Kanae golpeó levemente mi pecho mostrándose apenada —por más que me guste la idea, Karasu-kun, necesito ese trabajo. —me dijo, con aquel tono melódico.

Asentí calladamente, sopesando la idea. Nunca pensé encontrar una desventaja al acostarse con una modelo pero la vida le sorprendía. —bueno, no haré nada que no quieras, de eso se trata el sexo —dije, sonriendo de lado para tranquilizarla. Aprovecharía a tocar aquellos mechones negros de cabello que el viento le movía sin alejarme de ella.

No podía decir que le encantaba el lugar, pero resistía estar ahí tan solo porque ella se veía tan hermosa, como si fuera una postal. No podía negarle que parecía modelar incluso en gestos cotidianos cómo mirar el mar en el barandal del fluvial.

—bien, tarjeta amarilla y, en compensación te invitaré los tragos de la noche—

Le miré con diversión —es viernes, de seguro hay una buena fiesta por estos lados —comenté, mirando a la calle de manera rápida.

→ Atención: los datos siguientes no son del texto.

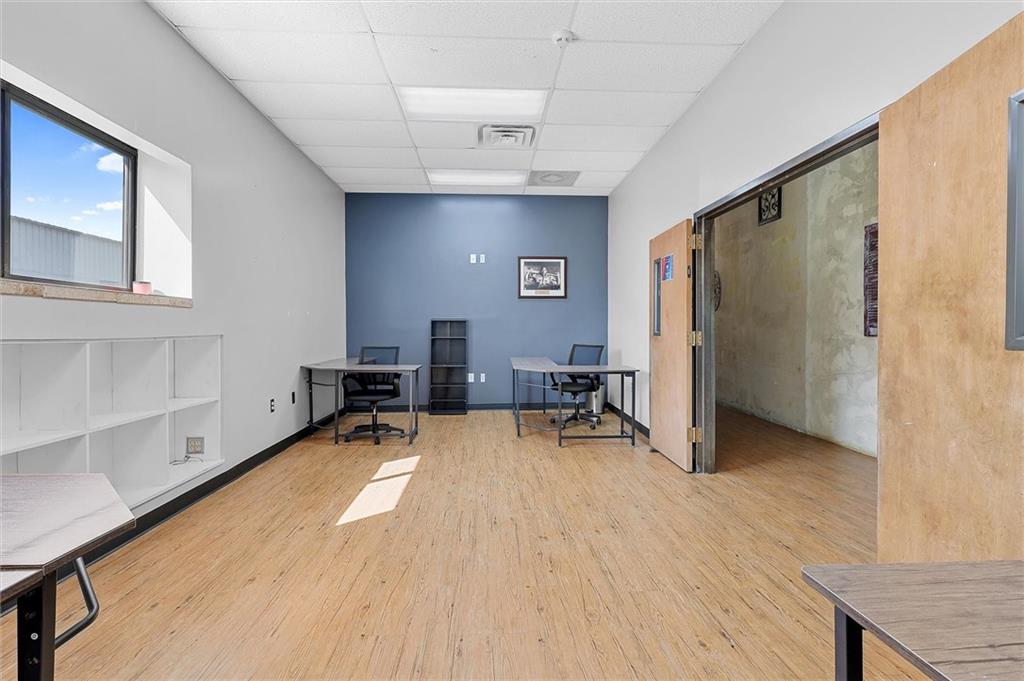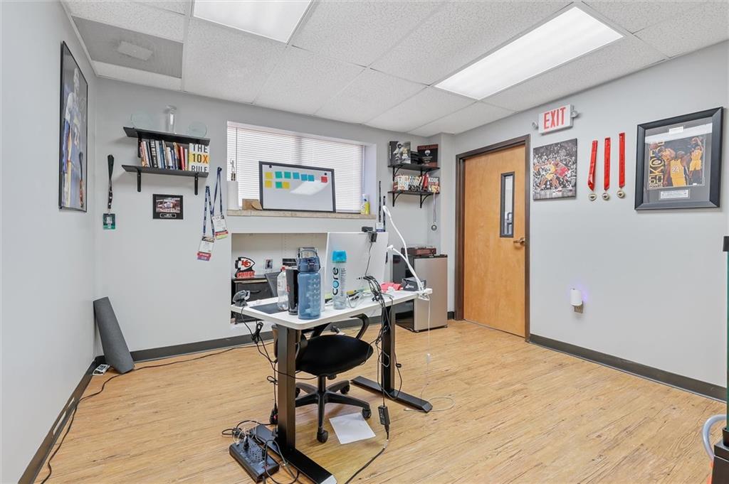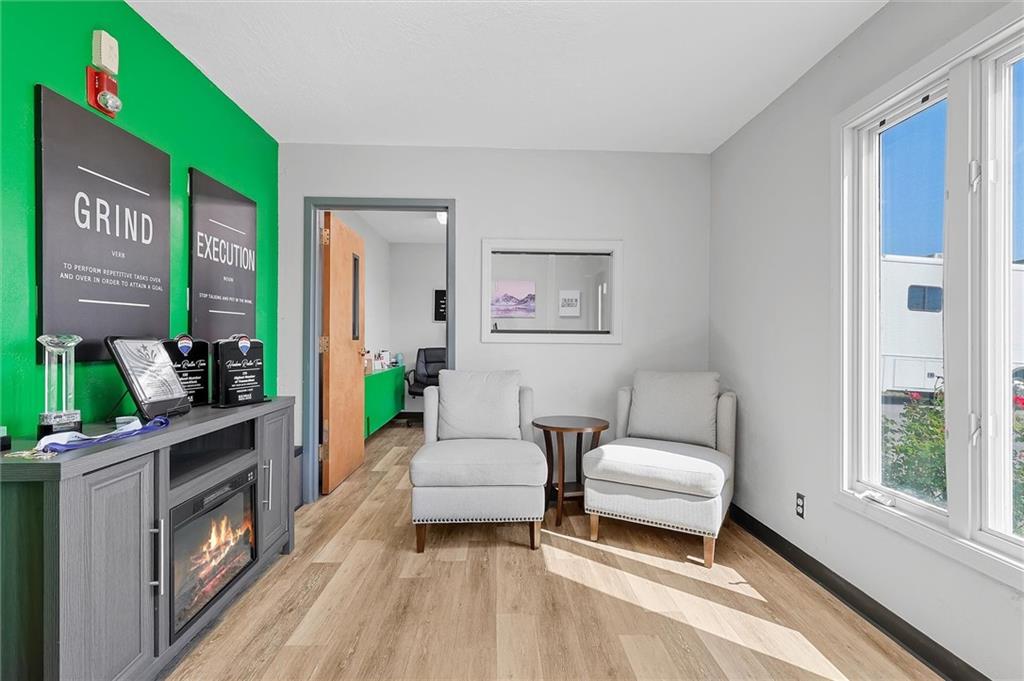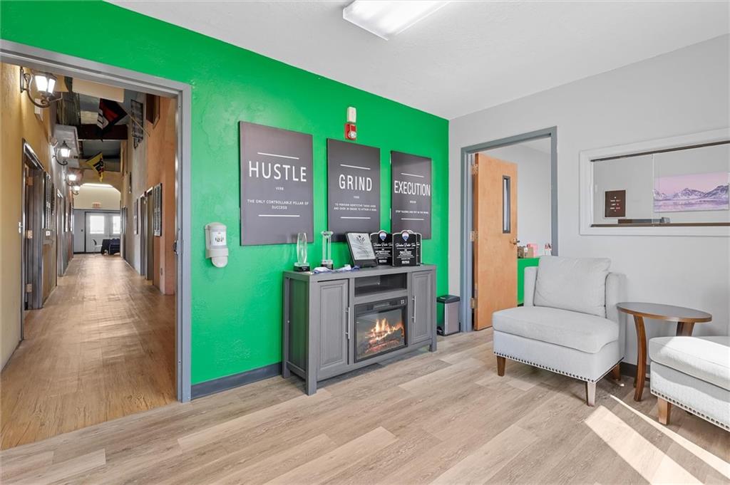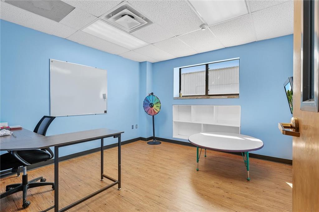 Prime commercial office building in a highly visible location just off 50 Highway and 291 Highway in Lee’s Summit. With the ongoing reconstruction of the area and access road visibility, this property offers tremendous exposure and growth potential. The building features a full commercial kitchen, eight large offices, four bathrooms, a large open space in the rear of the building and a spacious finished loft that can serve as additional office space or storage. It is ADA accessible and equipped with fire suppression, fire-rated sheetrock, and door jambs. Comfort is ensured with three zoned HVAC systems and three newer air conditioners. Additional conveniences include washer and dryer hookups, and plumbing for sinks and handwashing stations in multiple rooms from its prior daycare use—making it flexible and ready to accommodate a wide variety of businesses. The rear of the property includes a six-foot privacy fence with half the yard covered in artificial turf, ideal for low-maintenance use. A recently asphalted parking lot provides ample parking for staff and clients.

—suena bien, tengo que tomar el tren a Tokyo a las 11:00 am —

—ja ¿ahora estamos al revés? —le pregunté con jocosidad.

—todo es tu culpa —dijo, señalándome acusadora mente con su dedo índice en el pecho.

—ajaj ¿mía? ¿no será que querías tener una excusa para verme? —

—¿eso crees, Karasu-kun? —cuestionó adelantándose hacia mi con esa sonrisa que ya le conocía que desencajaría mi libido.

Ladee una sonrisa por igual sin moverme de mi lugar pero expectante en sus gestos coquetos, no caería —¿y que? ¿Fue el destino? —

—eso sería muy cursi, pero es la realidad, le dije al pervertido de mi jefe que no quería modelar bikinis y terminó cambiándome de proyecto.—explicó, girando su cuerpo hacia el mar. —aparte, no necesito andar con rodeos contigo, chico futbolista, si quisiera verte y decirte que me cojas tan condenadamente bien como la última vez te lo diría de frente —

Trague en seco, sorprendido de sus palabras. Ella lo notó y rio en alto.

—tu cara ahora mismo fue graciosa —

Bufé en alto llevando mi mano zurda hacia mi pelo, ella era tan liberal y directa que le sorprendía que congeniaran en algo.

Extendió sus brazos a mi cuello, rodeándome por él mismo y haciéndome bajar hasta su altura para escucharle susurrar en mi oído —tengo un conjunto de lencería nuevo que me apetecía modelarte en privado~ —y luego de exhalar aire caliente, mordió mi lóbulo levemente.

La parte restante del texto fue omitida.